Kubernetes is a popular system for deploying distributed applications on clusters, particularly in the cloud. You can use Kubernetes to launch Dask workers in the following two ways:

  1. Helm: You can launch a Dask scheduler, several workers, and an optional Jupyter Notebook server on a Kubernetes easily using Helm

    helm repo add dask https://helm.dask.org/    # add the Dask Helm chart repository
    helm repo update                             # get latest Helm charts
    helm install dask/dask                     # deploy standard Dask chart

    This is a good choice if you want to do the following:

    1. Run a managed Dask cluster for a long period of time
    2. Also deploy a Jupyter server from which to run code
    3. Share the same Dask cluster between many automated services
    4. Try out Dask for the first time on a cloud-based system like Amazon, Google, or Microsoft Azure (see also our Cloud documentation)


    For more information, see Dask and Helm documentation.

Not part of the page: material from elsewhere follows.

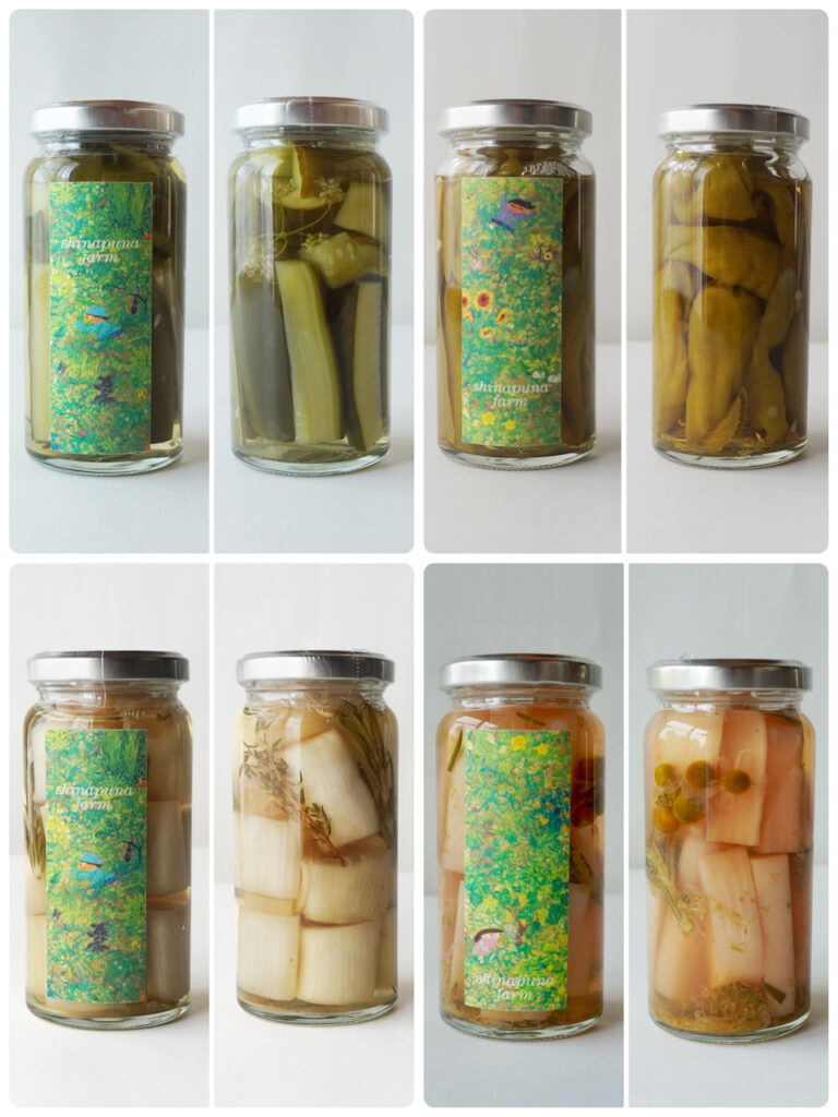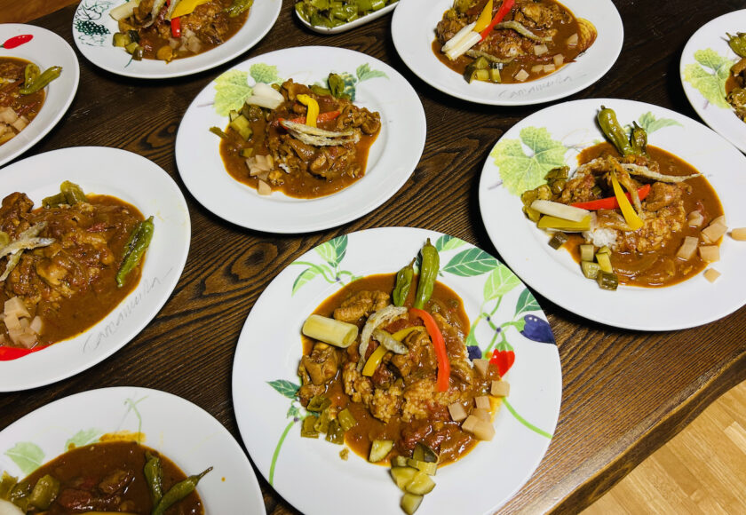 The curry in the photo is topped with four kinds of Shinapuna pickles: cucumber, shishito peppers, Japanese leeks (Naganegi), and Beni-santa salad daikon radish.

  2. Native: You can quickly deploy Dask workers on Kubernetes from within a Python script or interactive session using Dask-Kubernetes

    from dask_kubernetes import KubeCluster
    cluster = KubeCluster.from_yaml('worker-template.yaml')
    cluster.scale(20)  # add 20 workers
    cluster.adapt()    # or create and destroy workers dynamically based on workload
    from dask.distributed import Client
    client = Client(cluster)

    This is a good choice if you want to do the following:

    1. Dynamically create a personal and ephemeral deployment for interactive use
    2. Allow many individuals the ability to launch their own custom dask deployments, rather than depend on a centralized system
    3. Quickly adapt Dask cluster size to the current workload


    For more information, see Dask-Kubernetes documentation.

You may also want to see the documentation on using Dask with Docker containers to help you manage your software environments on Kubernetes.